Creating a business case for any IT investment is never an easy task, but it can be a critical piece of winning the support of your leadership team to take on a key initiative. Business cases help to present the expected benefits that can positively affect the bottom line and improve overall operations, while also helping to put the potential costs and unknown factors associated with the new technology into context. The business case to migrate to a container-based architecture is no different, but it is also not a new technology. So why would now be a good time for your organization to consider it?

The decision to move to containers is not only a technical decision, but also an operational and cultural shift. But organizations can realize a number of benefits with containerization, including increased operational agility and security. Let’s dive into some of the key benefits your organization could see with a move to containers.

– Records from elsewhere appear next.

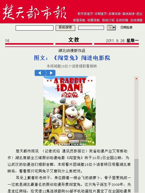 楚天都市報(bào)訊?(記者戎鈺?通訊員彭麗云)我省動(dòng)漫產(chǎn)業(yè)又有新動(dòng)作!湖北首部全三維原創(chuàng)動(dòng)漫電影《闖堂兔》將于10月1日全國(guó)公映,為讓武漢的動(dòng)漫迷們提前嘗鮮,本報(bào)看片團(tuán)誠(chéng)邀15位小讀者明日觀看湖北首映場(chǎng),看看那只宅男兔子又要玩什么新把戲。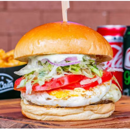 Pão De Brioche, 150 Gramas De Carne, 2 Fatias De Queijo Cheddar, Cebola Roxa, Alface Americano E Maionese Da Casa.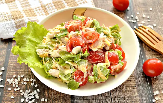 Неймовірно легкий та смачний салат з куркою, сиром та овочами. Ви приготуєте його всього за 5 хвилин. Головне, щоб вдома були потрібні інгредієнти.

Reduces Capital Budget Expenditures

When creating a business case, it’s always good to lead off with the potential for real costs savings. There are many ways the move to containers can help to reduce capital budgets. The first way is with savings in staff costs that come with increases in productivity. Because containers are virtual by their very nature, they are not tied to a specific device (either hard drive or server); instead—whether in the case of disaster recovery or the software development cycle’s code migration process from development to test and to production—code and data can be accessed anywhere, preventing manual movement from team to team.

Organizations will also see infrastructure licensing and vendor cost reductions over time. Containers allow organizations to run on virtually every cloud offering and on-premises because the application images are designed to run on any infrastructure, public or private. Similarly, containers have a lower total cost of ownership because they are not virtual machines with operating system licensing costs or operations and maintenance costs, and they do not need hypervisors to work. Containers are cloud and infrastructure agnostic. No vendor contracts, simplified deployment, and lower maintenance costs all add up to big savings.

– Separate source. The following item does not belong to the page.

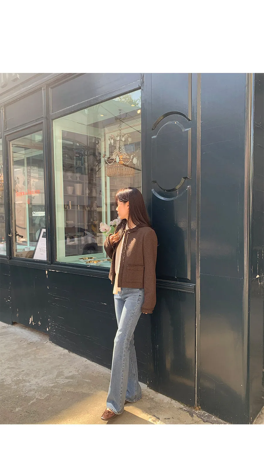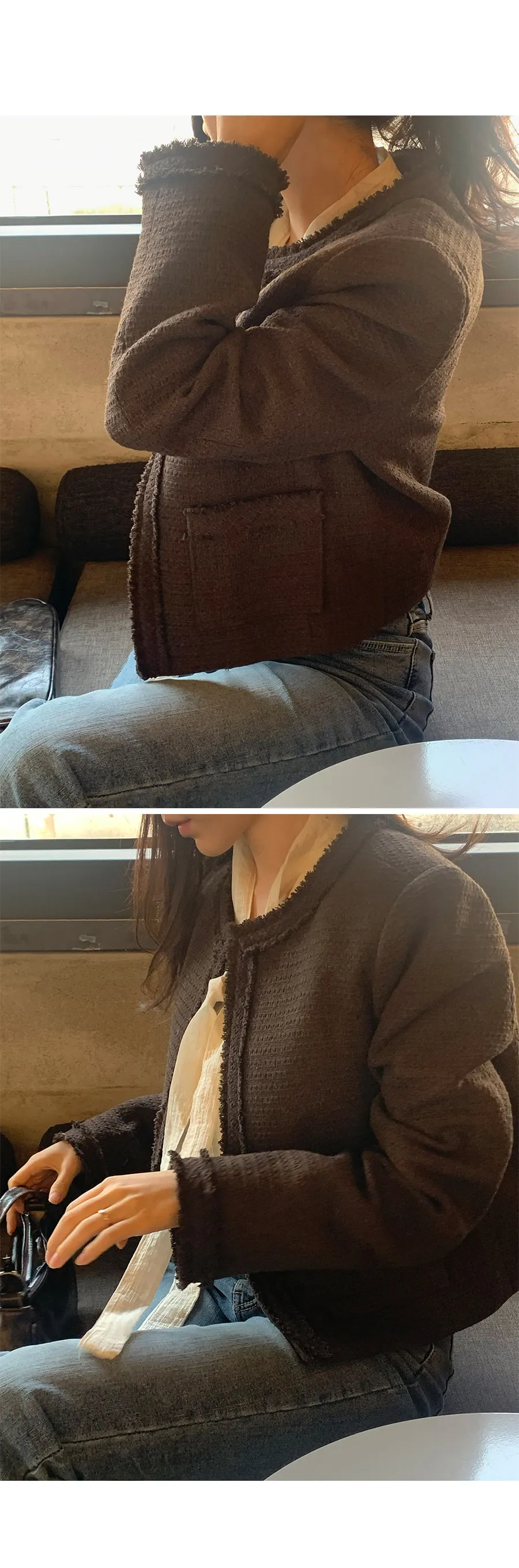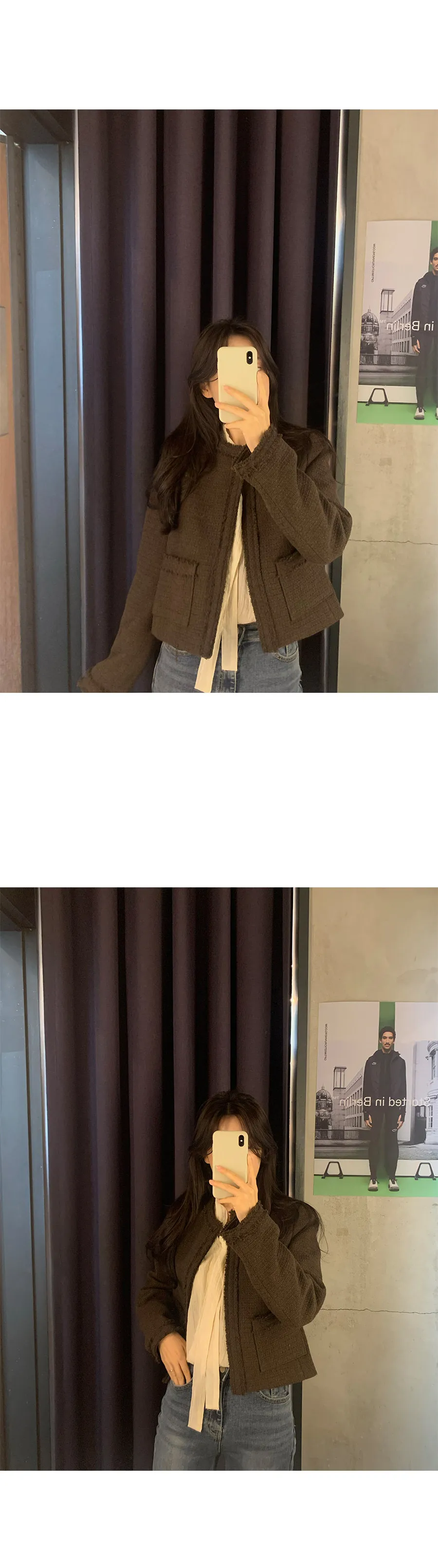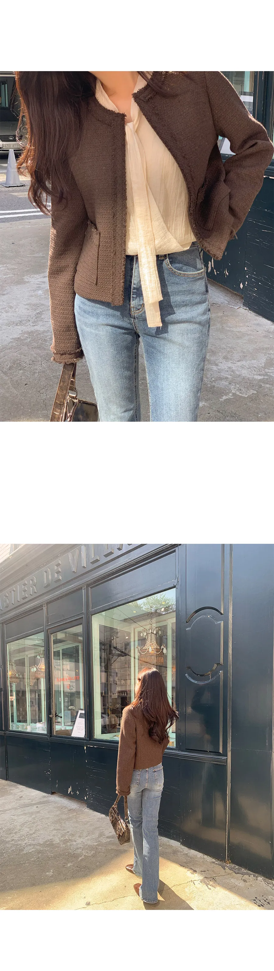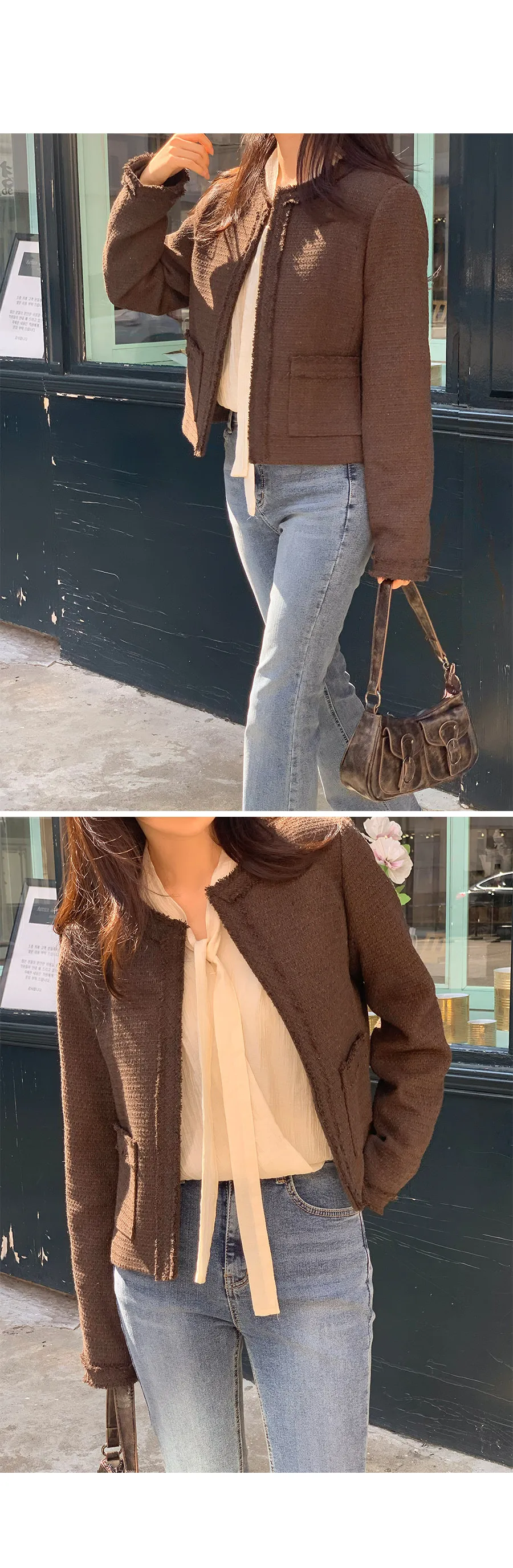領口和口袋上有流蘇細節,營造出女性氣質的女性化外套,略帶遮蓋臀部的半短款,打造時尚輪廓♡

Increased Business Agility

Working within containers inherently means organizations will have a seamless means to move data from development to production and back again if there are issues. New environments for testing, development, and training can be created without much effort, granting staff the time and ability to take on parallel work streams enabled by the standardization and consistency a container providers in any environment. In other words, staff will have more time to feature development.

Enhanced Flexibility

Both idle resources and overprovisioned services generate wasted costs. Instead of buying or leasing more cloud or on-premises equipment than you need or worrying you underestimated, with containers, as long as you have enough resources available on the host, you can just spin up more containers if you need them. Instead of big server purchases, more precise, smaller server purchases can be made to make way for the containers you need, growing your footprint in smaller, more cost-effective blocks.

Better Security

The commonly heard weakness regarding containers comes from the idea that once an attacker gains access to a host, all containers are at risk. However, the industry and the technology have evolved. First, containers only have to run the OS capabilities they need, limiting the number of vulnerabilities that could be exploited. Second, containers run in an unprivileged mode, meaning access up to the root or outside of that container isn’t possible. And, finally, each container has its own memory and CPU, meaning it is isolated from other containers, so attackers can’t move laterally. A single container can also be blown away if it is corrupted, without affecting any others on the same host.

Finalizing the Business Case

The case for container adoption writes itself in many ways. From increases in flexibility to lower maintenance costs, containers can deliver plenty of business value to justify the return on investment. So if you thought you knew containers and what they could mean for your organization, now is a great time to rerun your numbers.